# [Aim of the task]
Word for word, restate the lines of the listing below from the line with "Borsa Hermes Kelly" through the line with "Auf der glatten", and do not include the pictures.

┌─ Data supplied

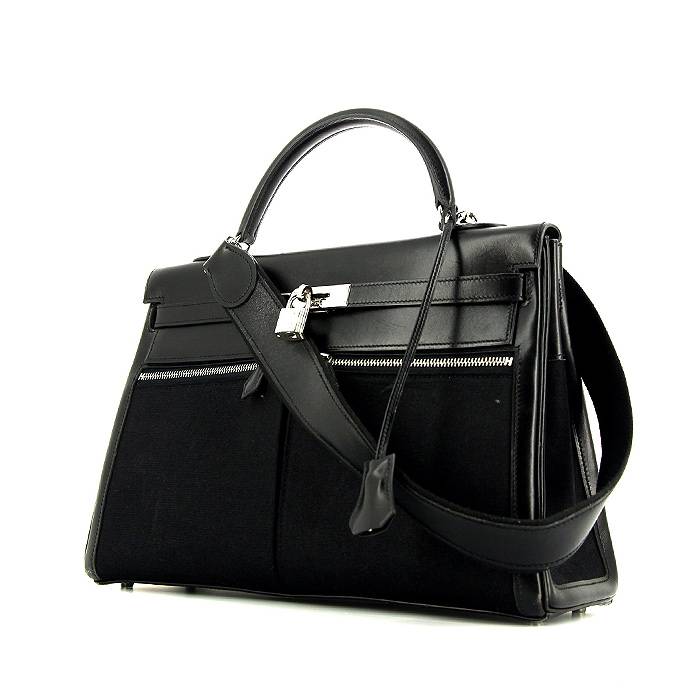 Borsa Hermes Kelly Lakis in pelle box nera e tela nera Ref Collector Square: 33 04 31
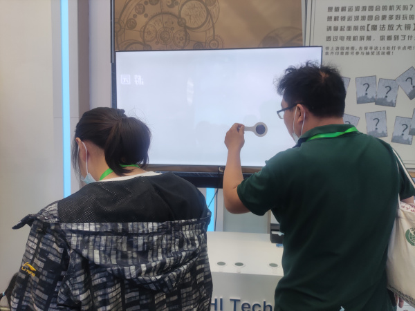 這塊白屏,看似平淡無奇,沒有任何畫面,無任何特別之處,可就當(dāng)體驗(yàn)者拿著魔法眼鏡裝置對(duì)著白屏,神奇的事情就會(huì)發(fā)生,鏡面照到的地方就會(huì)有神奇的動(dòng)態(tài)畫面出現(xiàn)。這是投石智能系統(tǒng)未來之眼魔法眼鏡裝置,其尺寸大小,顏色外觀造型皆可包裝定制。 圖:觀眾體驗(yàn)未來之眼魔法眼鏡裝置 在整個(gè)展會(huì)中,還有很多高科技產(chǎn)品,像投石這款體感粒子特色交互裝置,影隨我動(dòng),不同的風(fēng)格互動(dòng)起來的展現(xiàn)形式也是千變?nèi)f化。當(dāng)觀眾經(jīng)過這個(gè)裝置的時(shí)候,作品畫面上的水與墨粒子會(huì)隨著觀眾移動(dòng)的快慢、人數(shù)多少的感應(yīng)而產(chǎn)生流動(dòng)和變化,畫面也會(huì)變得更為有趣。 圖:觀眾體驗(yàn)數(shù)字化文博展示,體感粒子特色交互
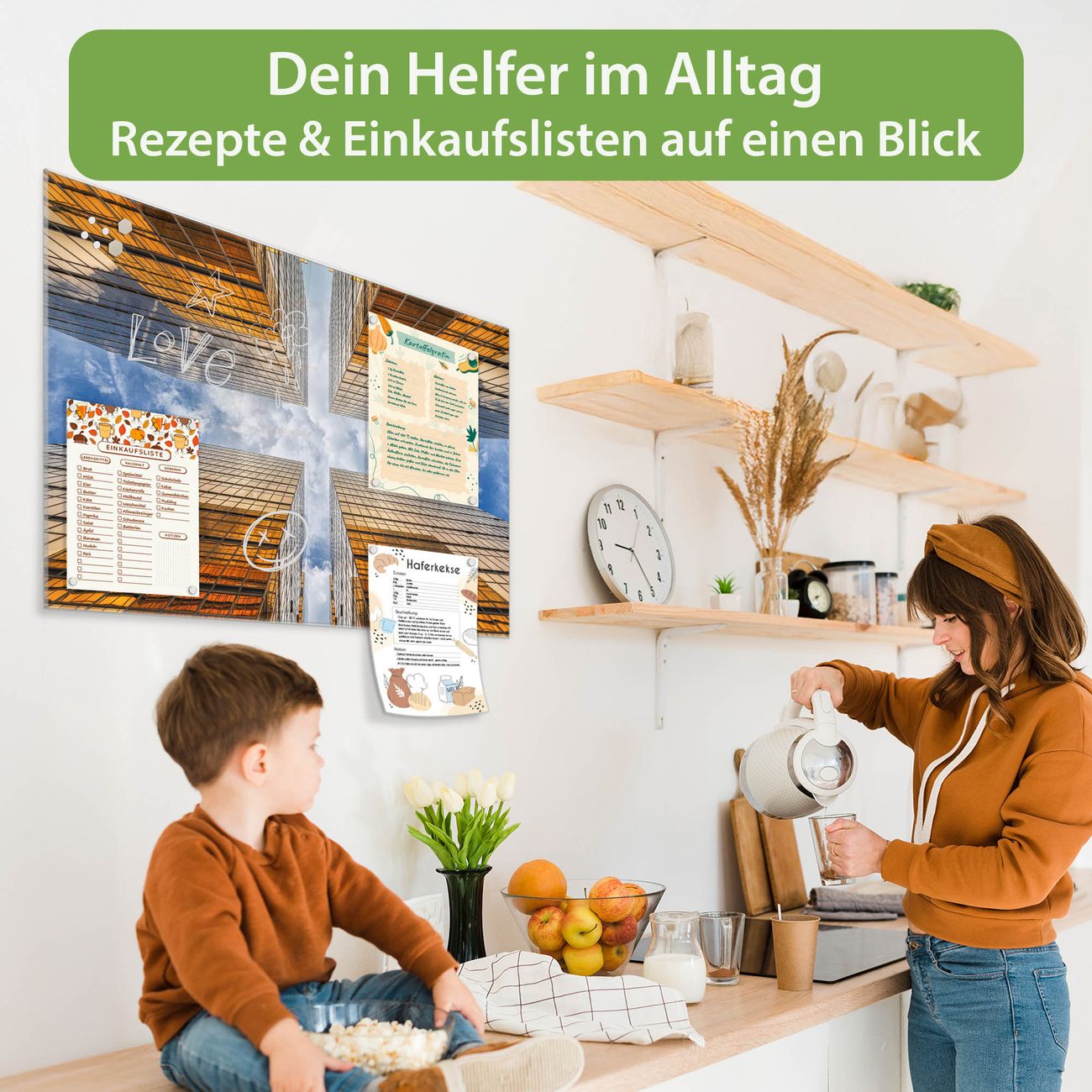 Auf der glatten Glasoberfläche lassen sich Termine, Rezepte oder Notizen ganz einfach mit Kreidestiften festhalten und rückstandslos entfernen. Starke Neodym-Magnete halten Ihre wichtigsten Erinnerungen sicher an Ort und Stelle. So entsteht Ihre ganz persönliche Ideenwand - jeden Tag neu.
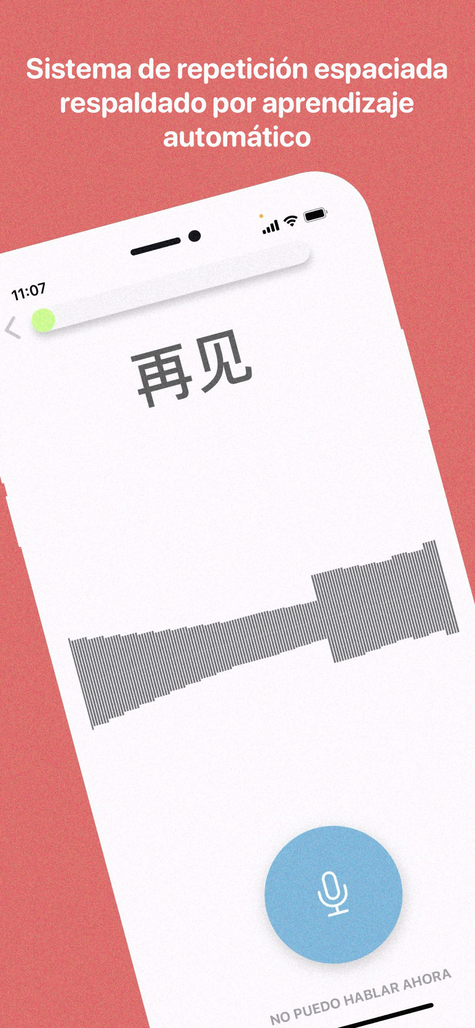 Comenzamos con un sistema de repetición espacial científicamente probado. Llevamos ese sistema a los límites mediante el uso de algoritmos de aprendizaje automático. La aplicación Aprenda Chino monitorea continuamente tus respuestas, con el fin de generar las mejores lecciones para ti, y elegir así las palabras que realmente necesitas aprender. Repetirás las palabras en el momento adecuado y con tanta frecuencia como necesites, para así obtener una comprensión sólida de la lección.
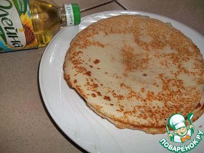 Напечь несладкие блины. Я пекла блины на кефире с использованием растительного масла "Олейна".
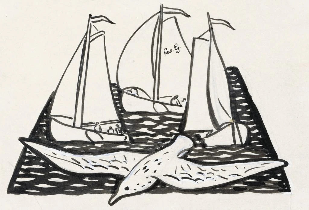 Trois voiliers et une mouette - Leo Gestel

└─
┌─ Data supplied

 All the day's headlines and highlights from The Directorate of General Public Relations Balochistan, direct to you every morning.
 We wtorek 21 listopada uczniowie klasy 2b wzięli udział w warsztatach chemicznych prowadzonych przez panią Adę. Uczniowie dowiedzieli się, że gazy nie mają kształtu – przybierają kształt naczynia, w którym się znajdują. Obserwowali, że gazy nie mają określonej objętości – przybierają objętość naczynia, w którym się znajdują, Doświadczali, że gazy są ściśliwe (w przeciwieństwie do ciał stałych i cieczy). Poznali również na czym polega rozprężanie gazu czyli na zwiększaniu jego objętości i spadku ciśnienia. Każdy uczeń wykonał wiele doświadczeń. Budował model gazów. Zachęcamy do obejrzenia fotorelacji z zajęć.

└─

# [Response below]
 Borsa Hermes Kelly Lakis in pelle box nera e tela nera Ref Collector Square: 33 04 31
 這塊白屏,看似平淡無奇,沒有任何畫面,無任何特別之處,可就當(dāng)體驗(yàn)者拿著魔法眼鏡裝置對(duì)著白屏,神奇的事情就會(huì)發(fā)生,鏡面照到的地方就會(huì)有神奇的動(dòng)態(tài)畫面出現(xiàn)。這是投石智能系統(tǒng)未來之眼魔法眼鏡裝置,其尺寸大小,顏色外觀造型皆可包裝定制。 圖:觀眾體驗(yàn)未來之眼魔法眼鏡裝置 在整個(gè)展會(huì)中,還有很多高科技產(chǎn)品,像投石這款體感粒子特色交互裝置,影隨我動(dòng),不同的風(fēng)格互動(dòng)起來的展現(xiàn)形式也是千變?nèi)f化。當(dāng)觀眾經(jīng)過這個(gè)裝置的時(shí)候,作品畫面上的水與墨粒子會(huì)隨著觀眾移動(dòng)的快慢、人數(shù)多少的感應(yīng)而產(chǎn)生流動(dòng)和變化,畫面也會(huì)變得更為有趣。 圖:觀眾體驗(yàn)數(shù)字化文博展示,體感粒子特色交互
 Auf der glatten Glasoberfläche lassen sich Termine, Rezepte oder Notizen ganz einfach mit Kreidestiften festhalten und rückstandslos entfernen. Starke Neodym-Magnete halten Ihre wichtigsten Erinnerungen sicher an Ort und Stelle. So entsteht Ihre ganz persönliche Ideenwand - jeden Tag neu.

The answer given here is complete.